EXERCISE: The material below holds the lines to copy: from the one with "敬老会で女性の方達が歌を披露して、年配の方が聞きながら手拍子をしている写真 拡大画像 (JPEG: 111.6KB)" up to and including the one with "Professor Tina Christie, Djoko". Copy them exactly and skip the pictures.

MATERIAL TO PROCESS:
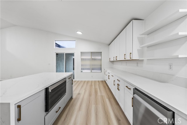 Experience refined living in this fully renovated 4-bedroom, 2-bathroom home in Rosamond. Designed with sophistication in mind, this residence showcases a stunning chef’s kitchen featuring quartz countertops, a dramatic waterfall-edge island wrapped in matching stone, custom built-in microwave, designer range hood, and brand-new appliances.
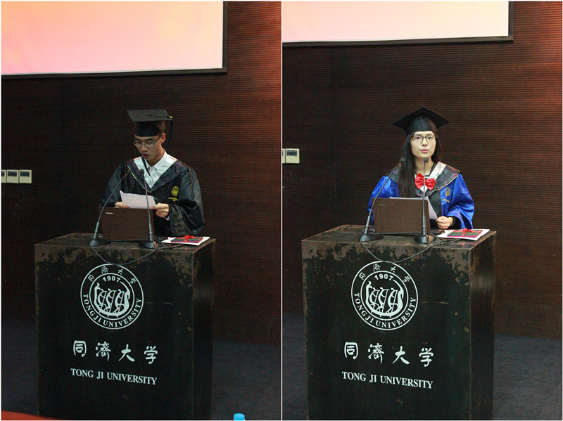 系党委书记李少华宣读获得上海市和同济大学优秀毕业生称号的学生名单,对他们的突出表现表示了充分肯定,并送上祝福,依次为他们颁奖。
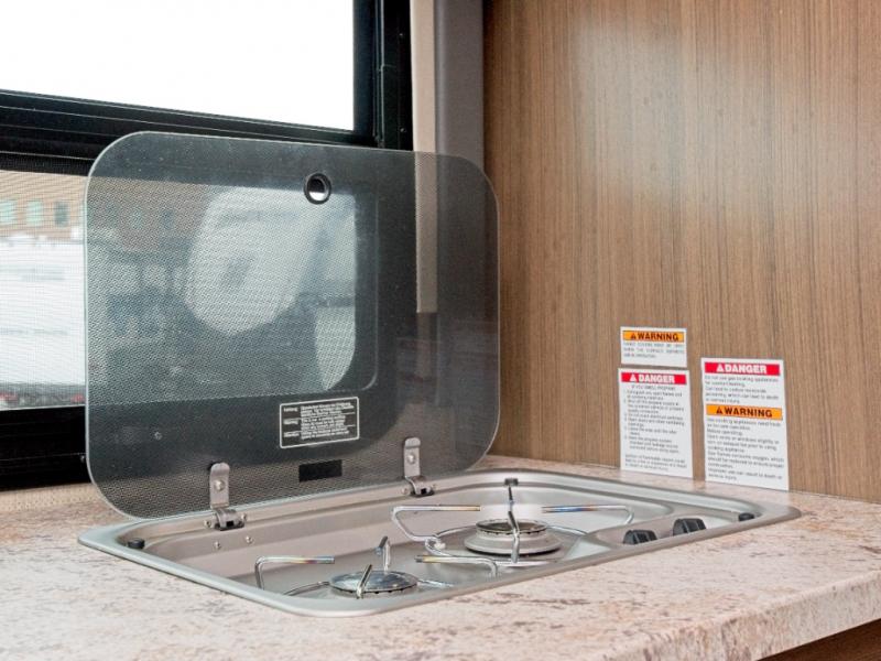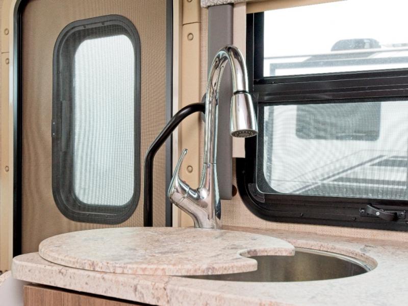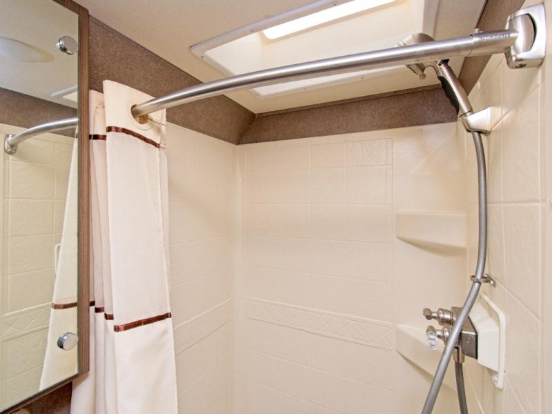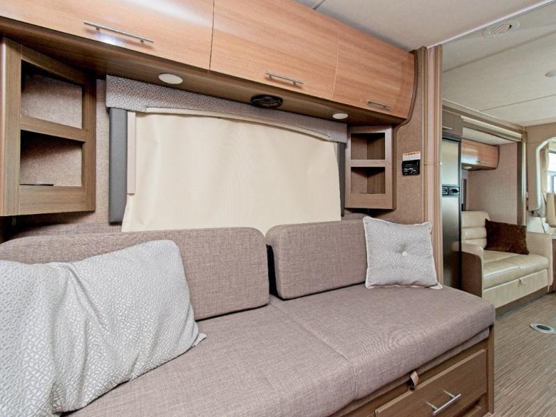 - Drop-down overhead bunk (38" x 73") above the cab for extra sleeping space
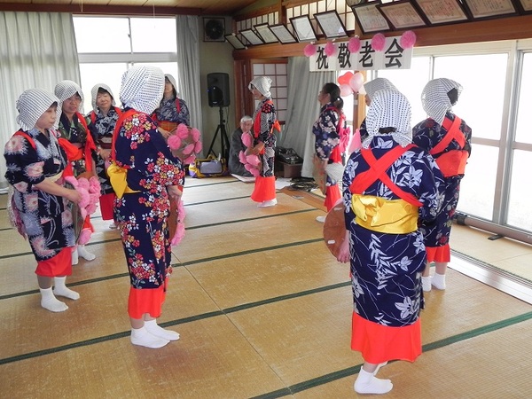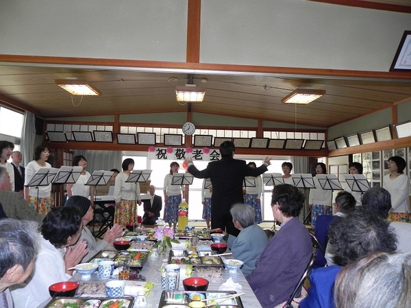 敬老会で女性の方達が歌を披露して、年配の方が聞きながら手拍子をしている写真 拡大画像 (JPEG: 111.6KB)
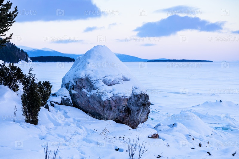 Снежный мемориальный камень на побережье залива Кандалакша
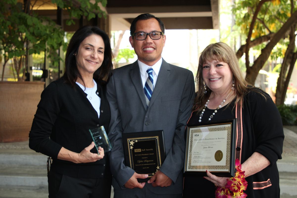 Professor Tina Christie, Djoko Setiyawan and Jane Bitar each received awards from the UCLA Staff Assembly. Angelo Magpantay, not pictured, also received an award.
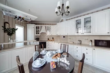 Облицовочные материалы для кухонных стен можно подобрать в любом строительном магазине. Современные производители предлагают разнообразные варианты отделки – влагоустойчивые и жидкие обои, моющуюся краску, стеклообои. Повышенной популярностью пользуется керамическая плитка. Ее используют для отделки фартука и целых стен. Недорогой, но практичный вариант – пластиковые панели. Они легко отмываются от загрязнений, не деформируются и не разбухают от влаги. Для оформления стен в классических интерьерах часто используют натуральные материалы – камень, дерево, мозаики из травертина.
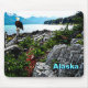 Uma pintura digital de uma águia careca empoleirada em uma torre de madeira derivada lavada na costa rochosa do Alasca; montanhas ficam à distância. A leitura de texto "Alaska" também é exibida.
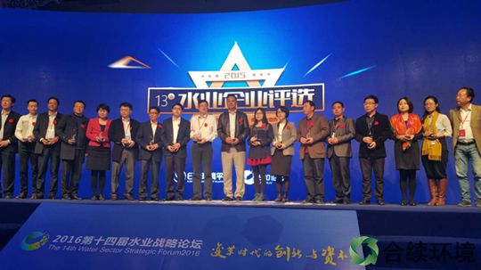喜訊!合續環境榮獲"2015年度中國水業細分領域及單項能力領跑企業"!
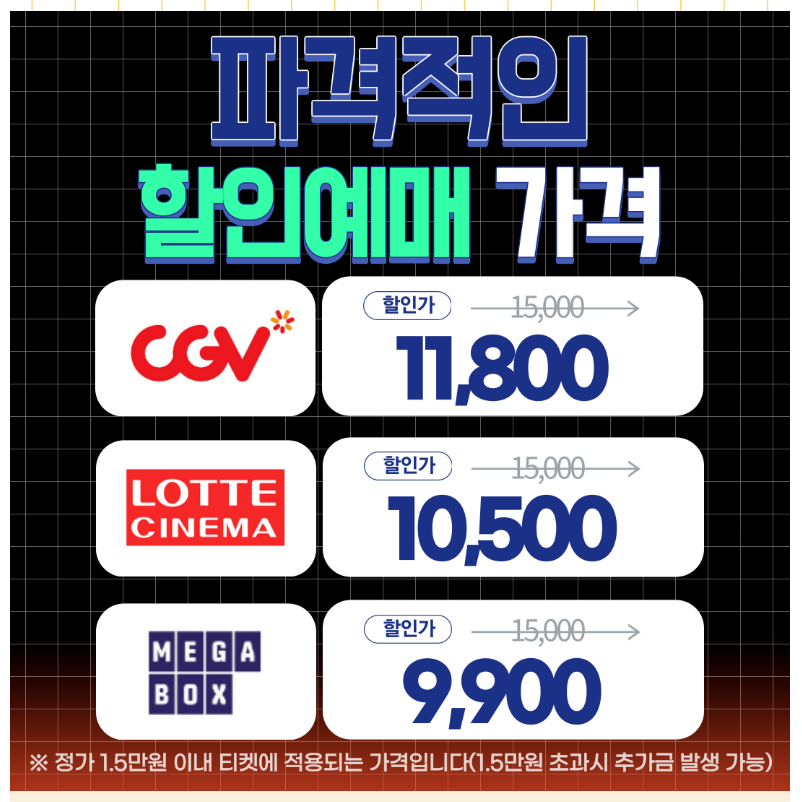 CGV, 롯데시네마, 메가박스 실시간 최저가 영화 예매(전국/당일 가능) 싸게 영화티켓 예매하시어 즐겁게 감상하세요.
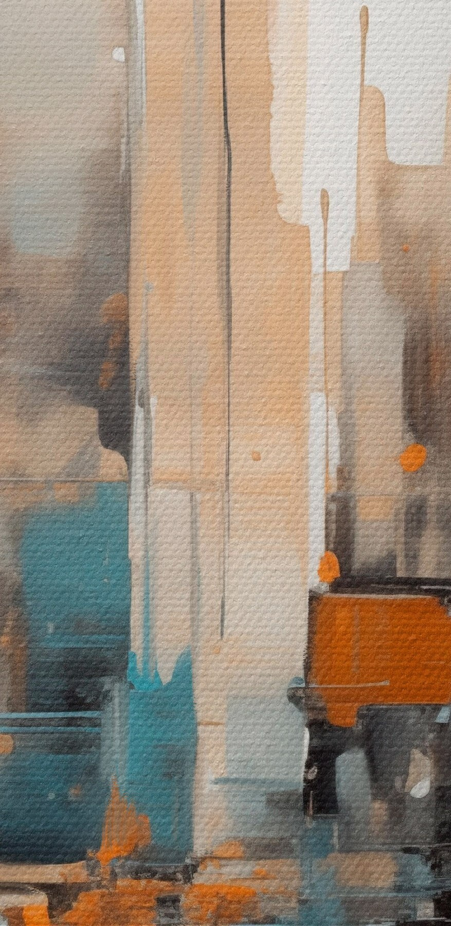 Картина Абстрактний міський пейзаж з помаранчевими, бірюзовими та коричневими вертикальними мазками та геометричними фігурами Арт. s46266
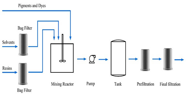 Ink could be contaminated by many sources during production. These can be of various types-fibers, solids, and semi-solids, complicating production to an even greater degree. Often, system recirculation is required to completely eliminate a contaminant. The system filter has the burden of maintaining pigment concentration and color while removing contaminants and ensuring that grind standards are met.
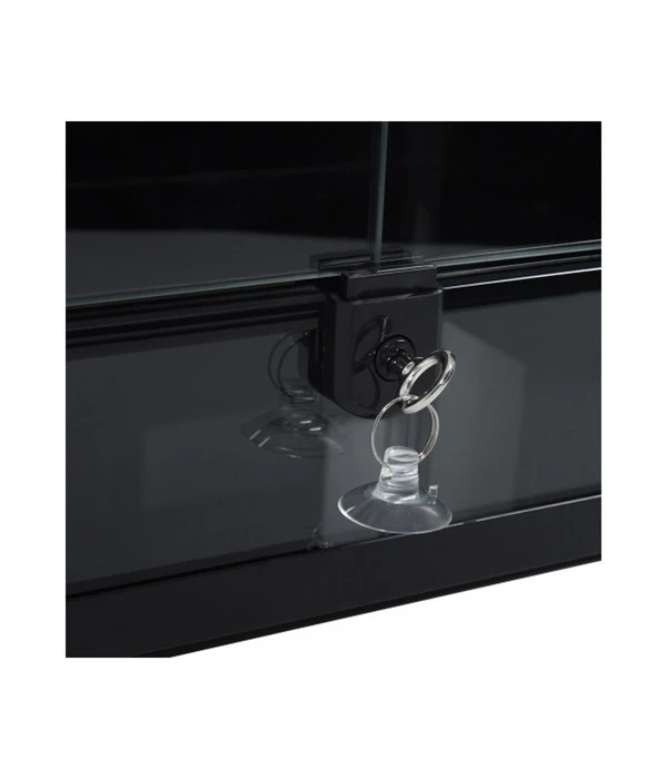 So ist beim Hobby® Selbstbau Glasterrarium Terra Fix & Easy 60 auch die Reinigung besonders einfach, denn das Terrarium ist dafür an der Vorderseite mit Schwingtüren ausgestattet; möchten Sie es gründlich reinigen oder neu dekorieren, können Sie das Oberteil sogar komplett abnehmen. Eine Lochbohrung mit verschließbarer Kabelführung ermöglicht es Ihnen außerdem, seitlich z. B. Schläuche einer Beregnungsanlage, Kabel einer Heizmatte oder Fühler eines Controllers zu verlegen.
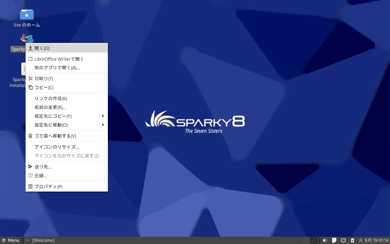 1. 概要 おそらく、「8.0」から。 「MATE」のインストールメディアが用意されました。 2. インストール インストールについては、「SparkyLinux - 8.0 - 共通事項 - インストール」をご参照ください。 インストール時のデスクトップで、「Welcome」を閉じ、インストーラを右クリックして、「開く」
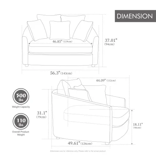 Includes 5 matching throw pillows for enhanced support. Perfect for reclining, reading, or resting, they add plush comfort and a polished look. The pillows are removable, offering flexibility and convenience.
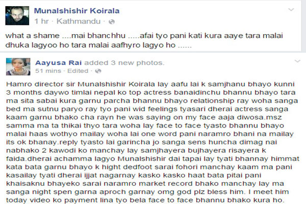 आफुसंग ‘फिलिंग्स’ सहित बेडमा सुत्नुपर्ने प्रस्ताव राखे पनि दिमाग नभएको मान्छे भन्दै आफुले कुनै पनि जवाफ नफर्काएको आयुषाको भनाई छ । आयुषाले फेसबुकमा मात्र नभएर ‘फेस टु फेस’ आफुसंग प्रस्ताव राखेको समेत लेखेकी छिन् । साथै उनले निर्देशक कोइरालालाइ दिमाग नभएको २ कौडीको निर्देशक भन्दै म्युजिक भिडियोमा काम गरेको पैसा समेत बाकि रहेको लेखेकी छन् । आयुषाको सो स्टाटसमा निर्देशक कोइरालाले कमेन्ट गर्दै आफुले यौन प्रस्ताव नराखेको लेखेका छन् ।
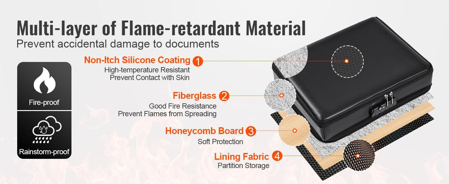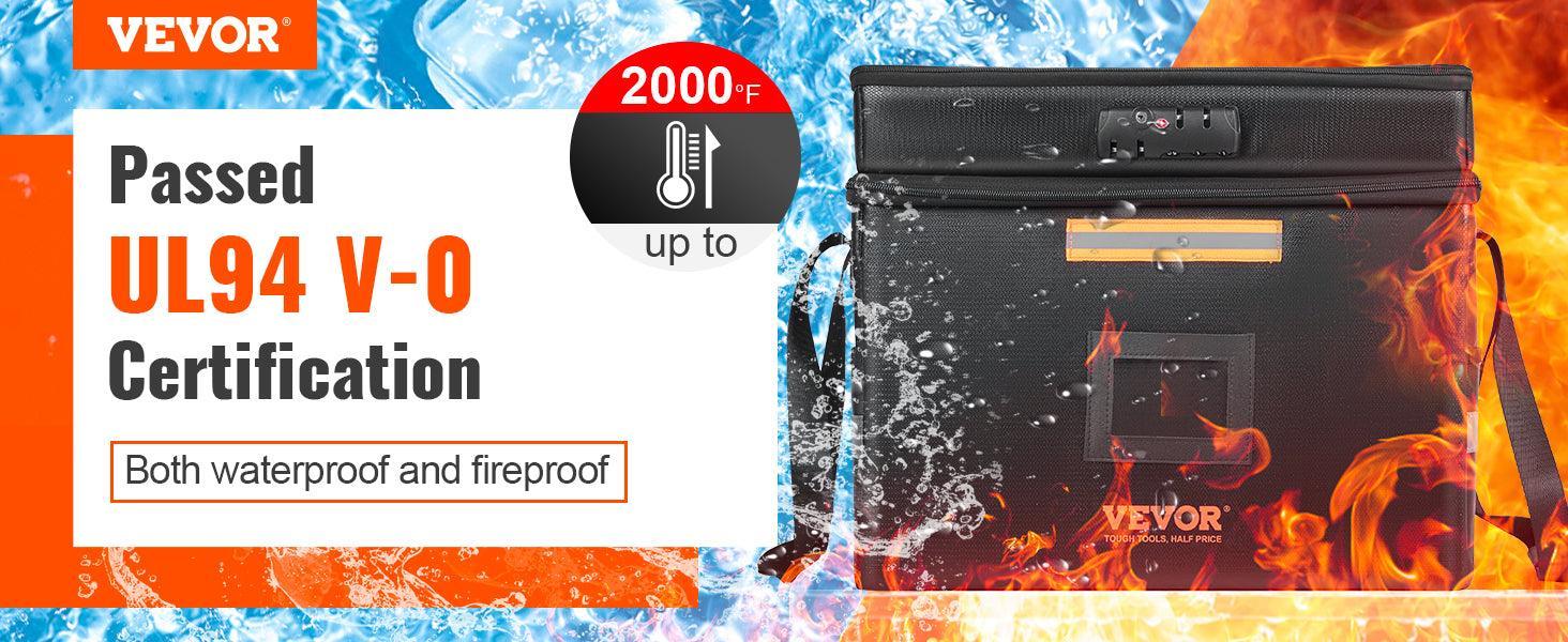 The VEVOR Fireproof Document Bag With Lock 2000℉ Waterproof Box is designed to safeguard what matters most—certificates, passports, cash, and jewelry—when heat or water threaten your essentials. Built with premium flame-retardant materials, it resists intense heat and features water-resistant fabric to prevent spills from reaching the contents. Its UL94 V-0 certification underscores a trusted level of fire safety, while the sturdy outer shell keeps form and function intact even in chaos.

RESPONSE TO THE TASK:
 敬老会で女性の方達が歌を披露して、年配の方が聞きながら手拍子をしている写真 拡大画像 (JPEG: 111.6KB)
 Снежный мемориальный камень на побережье залива Кандалакша
 Professor Tina Christie, Djoko Setiyawan and Jane Bitar each received awards from the UCLA Staff Assembly. Angelo Magpantay, not pictured, also received an award.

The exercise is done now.